Bernie Sanders talks immigration, economic justice at San Ysidro rally
The event marks the Vermont Senator’s fourth trip to San Diego County since launching his presidential campaign this year
A day after his latest presidential debate, Vermont Sen. Bernie Sanders Friday night talked immigrant rights and economic justice to a raucous and diverse crowd in San Ysidro.
Sanders, a self-identified Democratic socialist, focused his 40-minute speech at San Ysidro High School on such goals as creating a pathway to citizenship for the 11 million unauthorized immigrants living in this country, restoring DACA protections for undocumented people who came to this country as children, stopping federal agents from separating children from parents and reversing other Trump administration policies he criticized as racist.
“What demagogues do is they pick a group of people … and kind of foment hatred against that group,” Sanders said. “Together we are going to move this country in a very different direction.
“We have some 11 million people, the overwhelming majority of whom are honest, hardworking people who are making a huge contribution to the American economy … and who came to this country to escape violence and to search for a better life for themselves and their children. This is not criminal.”
He told the crowd of more than 1,900 that the country also needs to increase the federal minimum wage to $15, cancel all student debt, provide universal health care, close tax loopholes for billionaires and corporations, and improve the quality of jobs,
“We believe in an economy that works for all of us,” he said. “That means not only jobs, but jobs that pay a living wage.”
Sanders said his father immigrated to the U.S. from his native Poland, not speaking a word of English, fleeing poverty and a rise in anti-Semitism.

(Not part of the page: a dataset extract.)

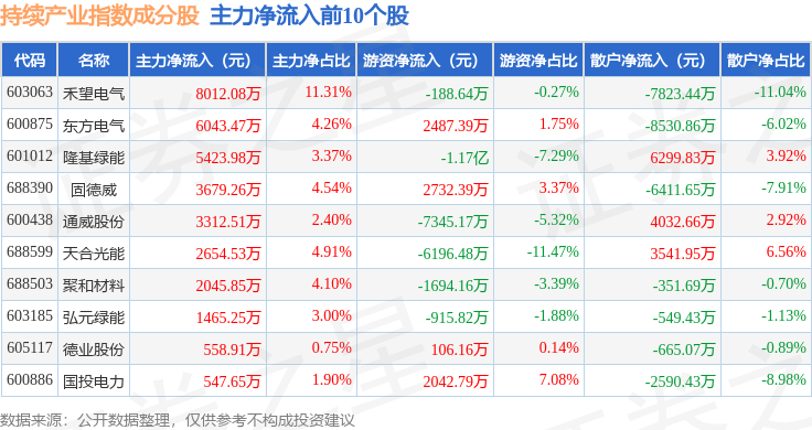 资金流向方面,持续产业(000114)指数成份股当日主力资金净流出合计2.67亿元,游资资金净流出合计1.75亿元,散户资金净流入合计4.42亿元。成份股资金流向详情见下表:

“I think I understand that if America stands for anything, it stands for being a welcoming country,“ he said. “A country that welcomes and understands the enormous progress immigrants have brought to our country.”
The rally was similar to others the progressive icon held in San Diego this year; it drew energized people of a variety of ages and ethnicities, including many who arrived hours early.
Crystal Swift, 29, of Point Loma, said Sanders’ health care policies matter most to her.
“When I grew up, my parents didn’t have health insurance — my parents couldn’t afford it,” she said. “I grew up that way, and I don’t want other other kids to grow up that way.”
Swift, a Navy operations specialist, said she knew many Sanders supporters in the Navy.
“A lot of people I work with in my age group and especially in my office, we’re all Bernie supporters,” she said. “Our leadership, I guess the older generation, are the ones that lean more Republican.”
Another supporter, Genevieve De Los Santos, 16, said Sanders’ support for free or low-cost college and his consistent messages drew her to the candidate.
“You see all these articles about him from the past, before he was even in the public eye, (and) he was supporting some of the same causes he’s still talking about,” she said.
The San Ysidro High junior said Friday’s was her first political rally and that Sanders coming to San Ysidro was special.
“Our school has always been ... the one that people (weren’t) really proud of,” she said,"like, they didn’t want to say they were from San Ysidro because we just always had like a negative reputation because of the high Latino and minority population. But ... to have somebody like Bernie Sanders coming here, it’s like they’re giving us a little bit more credibility.”
Unlike the senator’s last rally in San Diego County, his visit Friday drew little protest.
Brian Smith, of San Diego, stood alone outside the rally entrance with two homemade protest signs. One sign read: “Trump’s not advertising hate. You are.”
The other decried DACA and said “blame the parents.”
Smith said he was motivated to come out not to protest Sanders, but to support President Donald Trump. He said not supporting Trump’s border wall is akin to leaving one’s door open at night while asleep.
“I’m usually not this politically active by any means. I’ve never made signs of my life,” Smith said.
Since California moved its primary to an earlier date, March 3, a number of Democratic presidential hopefuls are spending more time here, courting votes from the most delegate-rich state.
Sanders has hosted more events in San Diego County than any other candidate. He held two rallies here earlier this year — one in downtown San Diego in March and another in Vista in August — and this summer he participated in the UnidosUS Conference alongside four other presidential candidates at the convention center in downtown San Diego.
Sanders is a favorite among San Diego County residents when it comes to fundraising.
In the first six months of the year, San Diego County residents gave nearly $1.3 million to 22 presidential candidates. Trump’s campaign received the most, $353,569, while South Bend, Indiana Mayor Pete Buttigieg gained $222,457, and Sanders’ pocketed $151,541, according to federal election data.
As the Democratic field has thinned to 15, Sanders is vying with Massachusetts Sen. Elizabeth Warren, former Vice President Joe Biden, Buttigieg, Minnesota Sen. Amy Klobuchar, Tech entrepreneur Andrew Yang, New Jersey Sen. Cory Booker, former Housing and Urban Development Secretary Julian Castro, Hawaii Rep. Tulsi Gabbard, former New York City Mayor Michael Bloomberg and billionaire Democratic activist Tom Steyer.